START PROVIDED DATA

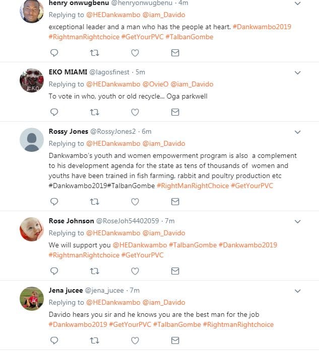 Hello @iam_Davido. My name is Ibrahim Dankwambo, Governor of Gombe state. I’m a huge fan of your amazing work and talent. I’d be glad if you can use your massive influence to work together with me in convincing our young people to go get their #PVC. Do I have your assurance?
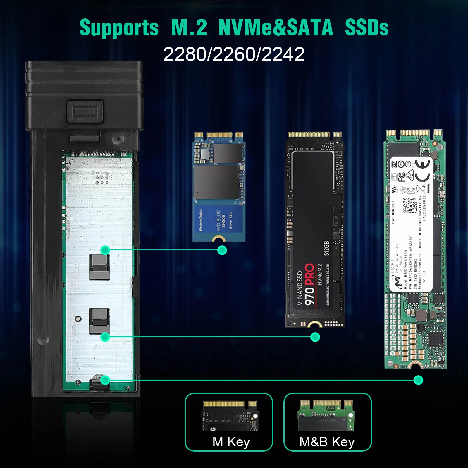- Supports M.2 PCIe NVMe and SATA SSDs with M Key or B+M Key, compatible with 2242, 2260, 2280 sizes for flexible storage options.
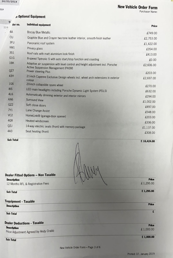 Porsche Cayenne 3.0T V6, 4WD, Automatic, petrol, S S Euro 6, in Biscay blue metallic £749, with Graphite blue and crayon full smooth leather seats £2753, heated seats £308. electric memory seats, monochrome black high gloss interior and black roof lineing, upgrades include panoramic glass sunroof with electric sun blind £1422, 14 way electric seats with memory £1137, 21 Cayenne exclusive design alloys £2697 on premium matching tyres with locking wheel key, park assist front and rear with surround view £1002, lane change assist £548, soft close doors £495, roof rails with matt aluminium finish £413, factory privacy glass £354, heated windscreen £336, 20 collapsible spare wheel £270, auto dimming exterior and interior mirrors £294, homelink garage door opener £203, power steering plus £203. adaptive air suspension with level control and height adjustment including Porsche active suspension management PASM £2606, LED main head lamps including Porsche Dynamic light system £632 and 4 point day time running lights, DAB radio with connect plus, hifi sound system with 10 speakers, integrated 4G LTE, compatible sim, 2 x usb ports, Porsche communication management including on line navigation module, electric windows with heated electric power folding mirrors, keyless start stop, Multifuntion sports leather steering wheel with paddle shift option, on board computer voice recognition blue tooth hands free phone system and cruise control with speed limiter, Porsche traction control, Porsche hill control, Porsche stability control, multi collision brake assist, integrated 4D chassis control, front and rear premium carpet mats. This is a one elderly Ladynowner in exceptional condition which has if anything been over serviced having had 7 services, last serviced 12 12 2025 at 62483 miles, Mot to 02 12 2026 with no advisories ever. Supplied with both keys, Owner s book pack and wallet, locking wheel key, Free HPI report available on request, Extendable warranties available, Minimum of 6 months Mot on all cars, Safety check and pre delivery inspection, Low rate finance options are available, call for details. Subject to Status. Part Exchange Welcome, Finance Arranged. Buy with confidence all our cars are HPI checked, safety checked and come fully professionally valeted. 12 24 or 36 month WARRANTIES available. Viewing Any Day Time by appointment or for more photos and information. We do not operate an organised distance sales scheme. We have only

END PROVIDED DATA

> _ACTIVITY_
The listing above is to be retyped word for word, with the pictures omitted.

> _WORKED SOLUTION_
 Hello @iam_Davido. My name is Ibrahim Dankwambo, Governor of Gombe state. I’m a huge fan of your amazing work and talent. I’d be glad if you can use your massive influence to work together with me in convincing our young people to go get their #PVC. Do I have your assurance?
- Supports M.2 PCIe NVMe and SATA SSDs with M Key or B+M Key, compatible with 2242, 2260, 2280 sizes for flexible storage options.
 Porsche Cayenne 3.0T V6, 4WD, Automatic, petrol, S S Euro 6, in Biscay blue metallic £749, with Graphite blue and crayon full smooth leather seats £2753, heated seats £308. electric memory seats, monochrome black high gloss interior and black roof lineing, upgrades include panoramic glass sunroof with electric sun blind £1422, 14 way electric seats with memory £1137, 21 Cayenne exclusive design alloys £2697 on premium matching tyres with locking wheel key, park assist front and rear with surround view £1002, lane change assist £548, soft close doors £495, roof rails with matt aluminium finish £413, factory privacy glass £354, heated windscreen £336, 20 collapsible spare wheel £270, auto dimming exterior and interior mirrors £294, homelink garage door opener £203, power steering plus £203. adaptive air suspension with level control and height adjustment including Porsche active suspension management PASM £2606, LED main head lamps including Porsche Dynamic light system £632 and 4 point day time running lights, DAB radio with connect plus, hifi sound system with 10 speakers, integrated 4G LTE, compatible sim, 2 x usb ports, Porsche communication management including on line navigation module, electric windows with heated electric power folding mirrors, keyless start stop, Multifuntion sports leather steering wheel with paddle shift option, on board computer voice recognition blue tooth hands free phone system and cruise control with speed limiter, Porsche traction control, Porsche hill control, Porsche stability control, multi collision brake assist, integrated 4D chassis control, front and rear premium carpet mats. This is a one elderly Ladynowner in exceptional condition which has if anything been over serviced having had 7 services, last serviced 12 12 2025 at 62483 miles, Mot to 02 12 2026 with no advisories ever. Supplied with both keys, Owner s book pack and wallet, locking wheel key, Free HPI report available on request, Extendable warranties available, Minimum of 6 months Mot on all cars, Safety check and pre delivery inspection, Low rate finance options are available, call for details. Subject to Status. Part Exchange Welcome, Finance Arranged. Buy with confidence all our cars are HPI checked, safety checked and come fully professionally valeted. 12 24 or 36 month WARRANTIES available. Viewing Any Day Time by appointment or for more photos and information. We do not operate an organised distance sales scheme. We have only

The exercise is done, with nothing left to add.